He stepped with Jerry inside the swinging door, and pushed it, starting off so fast they had to dart around with it in self-protection—or so it seemed. A gentleman around forty, of a comfortable figure, had happened to be entering the swinging doors on the other side, and he too was forced to dart around for self-protection. But whereas his expression was varied, Jerry and Harry seemed to be enjoying themselves. The pace of the revolving doors increased; it almost looked as if the gentleman of no longer comfortable proportions were running a marathon, while the two-in-one on the other side sped over more merrily.

“Why—they’re doing it onpurpose!” Joy exclaimed.

Her companions looked about them at the crowd of grinning bellboys collecting, together with the scattering of guests who were pretending not to watch while keeping tabs on every round. “I should think Harry’d get sick of this; he’s done it in almost every hotel in New York,” he said restfully, and waited. The pace slackened; soon the two wedged themselves out of the pinwheel, and waited until, crimson-faced, the third party in the proceedings flew out and bore down upon them.

“Awfully sorry, sir,” said Harry earnestly. “I got packed in with this lady by mistake, and we were so confused we started whirling around—you can see how that would be—and then I lost my head and lost count——”

The intent to kill was by no means abated in the eye of the flaming one. With a hasty, “By George, Mary, we must catch the train; we’ve lost a lot of time with this gentleman here!” Harry seized Jerry and drifted through the revolving doors once more. No one went after them. Joy and Steve found them by a taxi outside, Harry leaning up against it in a Napoleonic attitude.
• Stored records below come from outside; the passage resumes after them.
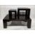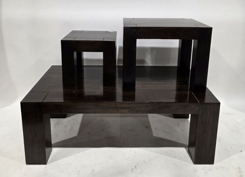 Modern set of three dark hardwood coffee tables retailed by Ultimate Products, each table on substantial square legs, largest 40cm high x 110cm wide x 59cm deep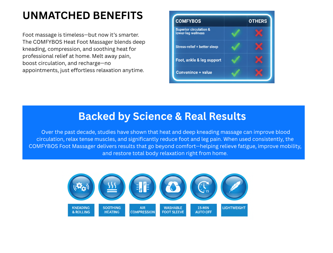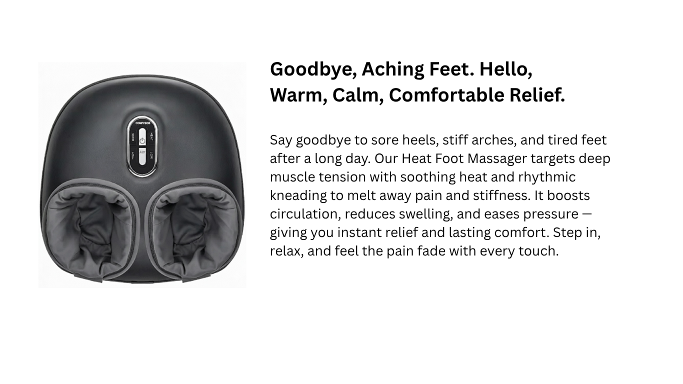 Your home, our passion. COMFYBOS is dedicated to creating products that support your health, relaxation, and balance right where you need it most — at home. Our Heat Foot Massager helps relieve tension, boost circulation, and melt away stress, turning every day into a moment of calm and care. Because at COMFYBOS, we believe a healthy, relaxed body starts from the feet up.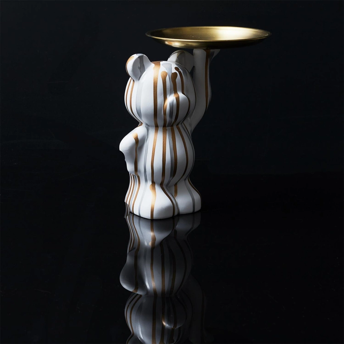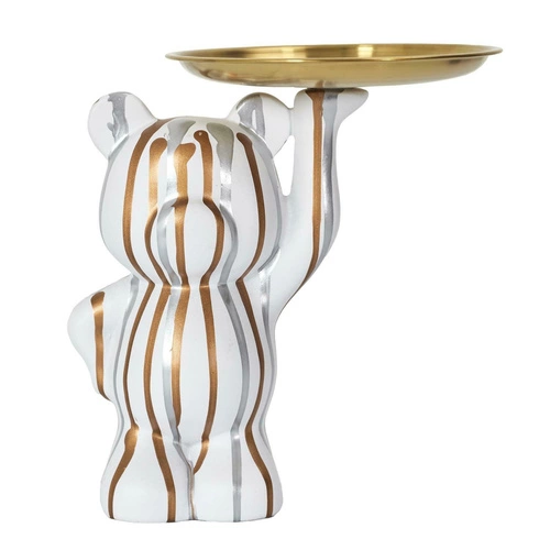 Figurka dekoracyjna przedstawiająca misia trzymającego złotą tacę, która pełni funkcję zarówno ozdobną, jak i praktyczną. Wykonana z wysokiej jakości tworzywa sztucznego, figurka została pokryta eleganckim, matowym wykończeniem w kolorze białym, ozdobionym nieregularnymi, metalicznymi paskami w odcieniach złota i srebra, co nadaje jej nowoczesny, artystyczny wygląd. Złota taca umieszczona na podniesionej łapie misia doskonale sprawdzi się do przechowywania drobnych przedmiotów, takich jak biżuteria, klucze, czy ozdoby, dodając wnętrzu wyrafinowanego charakteru. Figurka świetnie wpasuje się w aranżacje nowoczesne, glamour, a także eklektyczne, stanowiąc unikalny akcent na komodzie, stoliku kawowym czy toaletce. Waga produktu (g): 300Potrzebujesz pomocy? Masz pytania?Zadaj pytanie a my odpowiemy niezwłocznie, najciekawsze pytania i odpowiedzi publikując dla innych.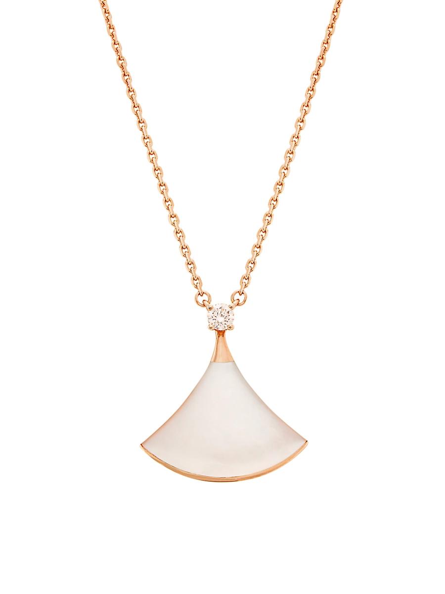 From the Divas Dream Collection. Inspired by feminine elegance and the enchanting allure of the eternal city, this necklace pays homage to the most glamorous divas with an unmistakable Roman spirit. Quintessentially feminine and refined, it is sculpted in a way that captures the magnificence of the Caracalla Bathsmarble and the sensual curves of its fan-shaped mosaics, reflecting the very essence of Italian beauty. Cast in 18K rose gold with a pendant set with mother-of-pearl, pav rubies and a white diamond. Diamond, 0.10 tcw Mother-of-pearl Ruby 18K rose gold Made in Italy SIZE Length, about 16 to 17 ABOUT THE BRAND Founded in Italy in 1884 by Greek silversmith Sotirio Bulgari, BVLGARI has become synonymous with unparalleled craftsmanship and exquisite jewelry. The brands Roman heritage can be seen in pieces inspired by the citys architecture, artwork and ancient mosaics. Today, the house continues to translate its rich history into opulent designs and fragrances. Fine Jewelry - Bvlgari Watches And Jewe > Bvlgari > Saks Fifth Avenue > Barneys. BVLGARI. Color: Pink Gold.

“Was that neat, or was it not?” he hailed them triumphantly. Steve helped the girls into the taxi, pushed Harry inside, and said to the man: “Drive to the Astor roof.”

“Where’s that?” the driver asked, turning a helpless expression upon him.

“Why,—you drive to the Hotel Astor, and then just keep on driving up to the roof.” Steve spoke sweetly, considerately, as one might to a child, then climbed in and banged the door.

“Just for that, he’ll go the long way around,” Harry complained, peering out at the meter as they started off.

“You have such cheap ideas, Harry!” said Dave. “Jerry knows us, of course; but I was going to make Miss Nelson think we were millionaires.”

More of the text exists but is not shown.